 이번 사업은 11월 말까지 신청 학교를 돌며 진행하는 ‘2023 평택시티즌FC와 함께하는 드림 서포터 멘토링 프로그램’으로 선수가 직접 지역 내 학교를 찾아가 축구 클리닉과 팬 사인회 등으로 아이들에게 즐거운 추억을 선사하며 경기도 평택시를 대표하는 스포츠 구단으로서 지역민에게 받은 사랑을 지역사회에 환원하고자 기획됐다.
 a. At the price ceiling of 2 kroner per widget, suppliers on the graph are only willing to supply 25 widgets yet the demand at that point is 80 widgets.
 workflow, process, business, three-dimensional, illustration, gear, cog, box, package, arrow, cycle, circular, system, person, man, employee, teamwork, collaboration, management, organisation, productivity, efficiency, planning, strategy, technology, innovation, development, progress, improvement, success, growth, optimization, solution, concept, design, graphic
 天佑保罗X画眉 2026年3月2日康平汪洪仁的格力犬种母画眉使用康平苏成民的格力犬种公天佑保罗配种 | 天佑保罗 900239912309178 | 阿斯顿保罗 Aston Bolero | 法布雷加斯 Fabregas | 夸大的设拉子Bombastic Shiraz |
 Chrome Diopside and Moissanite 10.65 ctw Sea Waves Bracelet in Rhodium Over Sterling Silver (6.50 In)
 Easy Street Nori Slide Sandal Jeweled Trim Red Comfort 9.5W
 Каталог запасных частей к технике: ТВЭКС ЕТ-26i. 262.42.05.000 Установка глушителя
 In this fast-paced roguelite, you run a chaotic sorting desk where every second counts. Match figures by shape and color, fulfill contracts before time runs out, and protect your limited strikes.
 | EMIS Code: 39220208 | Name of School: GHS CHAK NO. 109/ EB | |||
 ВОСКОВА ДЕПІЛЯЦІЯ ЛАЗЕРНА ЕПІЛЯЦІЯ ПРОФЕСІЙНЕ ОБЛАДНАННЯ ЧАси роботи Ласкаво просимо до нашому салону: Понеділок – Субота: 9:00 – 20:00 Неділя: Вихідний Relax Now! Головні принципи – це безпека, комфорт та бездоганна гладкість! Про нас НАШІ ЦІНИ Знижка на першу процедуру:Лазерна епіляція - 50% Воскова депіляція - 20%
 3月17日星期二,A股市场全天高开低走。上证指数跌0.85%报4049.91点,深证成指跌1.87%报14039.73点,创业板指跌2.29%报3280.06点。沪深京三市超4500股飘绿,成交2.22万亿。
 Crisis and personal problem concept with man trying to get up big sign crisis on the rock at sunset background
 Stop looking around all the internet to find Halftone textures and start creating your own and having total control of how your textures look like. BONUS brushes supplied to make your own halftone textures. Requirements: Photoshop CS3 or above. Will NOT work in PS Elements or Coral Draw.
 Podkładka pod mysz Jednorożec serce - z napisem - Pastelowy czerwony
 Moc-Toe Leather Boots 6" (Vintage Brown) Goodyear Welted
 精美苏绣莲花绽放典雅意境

· · · · ·

TASK DESCRIPTION:
Give back, unchanged, the run of lines in the listing above that begins at the line containing "In this fast-paced" and ends at the line containing "Crisis and personal", both included.

RESULT BELOW:
 In this fast-paced roguelite, you run a chaotic sorting desk where every second counts. Match figures by shape and color, fulfill contracts before time runs out, and protect your limited strikes.
 | EMIS Code: 39220208 | Name of School: GHS CHAK NO. 109/ EB | |||
 ВОСКОВА ДЕПІЛЯЦІЯ ЛАЗЕРНА ЕПІЛЯЦІЯ ПРОФЕСІЙНЕ ОБЛАДНАННЯ ЧАси роботи Ласкаво просимо до нашому салону: Понеділок – Субота: 9:00 – 20:00 Неділя: Вихідний Relax Now! Головні принципи – це безпека, комфорт та бездоганна гладкість! Про нас НАШІ ЦІНИ Знижка на першу процедуру:Лазерна епіляція - 50% Воскова депіляція - 20%
 3月17日星期二,A股市场全天高开低走。上证指数跌0.85%报4049.91点,深证成指跌1.87%报14039.73点,创业板指跌2.29%报3280.06点。沪深京三市超4500股飘绿,成交2.22万亿。
 Crisis and personal problem concept with man trying to get up big sign crisis on the rock at sunset background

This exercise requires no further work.